Ailsa Irvine: It is a provision at this stage. It is not making any assumptions about what award we may make. Five per cent. of our staffing budget in this context is £58,000. We wanted to make sure that we were able to accommodate once the civil service pay guidance comes into effect. We will, of course, have regard to that, as we are required to, and make an award within that, but for now, in the absence of it, when we created the main supply estimate we simply rolled over the provision that we included last year, the £58,000.
Q5 Florence Eshalomi: Your provisional uplift request shows that, year on year, you spend less. Instead of asking for that increase of 5%, is there any area where you might be able to absorb it from the additional costs that you have already had and from your reserves?
Ailsa Irvine: In the current financial year, we are forecasting to come in much closer to budget than we have in previous years. We are forecasting to come in within 1% of our agreed budget, excluding the risk and resilience budget, which we have not needed to spend. As an organisation, we spend two thirds of our budget on staffing—we have a low turnover rate, so we do not have an awful lot of room for manoeuvre there—and another 15% on premises, where we have already delivered a significant saving in the past financial year. Actually, we are getting into territory where, while we obviously continue to try to find efficiencies and deliver value for money, finding any other savings is likely to result in us having to stop doing some of the areas of activity that we have outlined in the plan.
Q6 Florence Eshalomi: You are saying you will come much closer to your overall budget this year, but further on in your corporate plan, you increase staffing costs again for ’27-28 onwards.
Ailsa Irvine: At that stage, the increase from ’27-28 onwards on the staffing cost is purely building in provision for a cost-of-living increase annually. There is no anticipated further growth to the establishment from ’27-28 onwards at this stage.
Q7 Florence Eshalomi: What modelling would you do for the staff pay awards for that year? What would you base it on? Obviously, you would look at inflation and CPI.
Ailsa Irvine: We have put that provision at a flat level across the corporate plan period for our medium-term financial planning. When we come back with the estimate for that year, in due course, we will be able to take into account the live circumstances at that point.
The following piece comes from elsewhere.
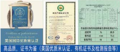
高品质,证书为鉴(美国优质米认证、有机证书及检测报告等)

经多方权威机构测评显示:码帮粮品五常大米不论是在口感、香气、营养元素、外观等都属于优质米。

Q8 Lisa Smart: The report states that your customer satisfaction rates went down from 77% to 71%. It also mentions that the response rates went down. What do you understand from this data? What is it telling you? Is there a difference in the satisfaction rates from people who have had a different experience—did people feel differently about reorganisation from the time-to-time reviews? What have you done differently as a response to the satisfaction data that you had?
Professor Mellors: Customer satisfaction is critical to every organisation. It is particularly challenging for public services, because often we ask questions such as, “Were you happy with the experience?”, “Did we listen to you?”, “Did we treat you well?”, or, “Were our materials good?”, but they are probably answering more, “Did you like the outcome?” That is quite difficult. It would be difficult to ask about the customer satisfaction of people in the dock with judges; it would depend on the verdict, I suspect. But it is something we listen to and take seriously.
On the statistics, the figures for ’23-24 were a bit lower, in the low 70s, but they are generally in the mid to high 70s. For what it is worth, it was 71.5% that year. For the year just about to end it will be 79.2%, which I think is the highest we have had for about five years.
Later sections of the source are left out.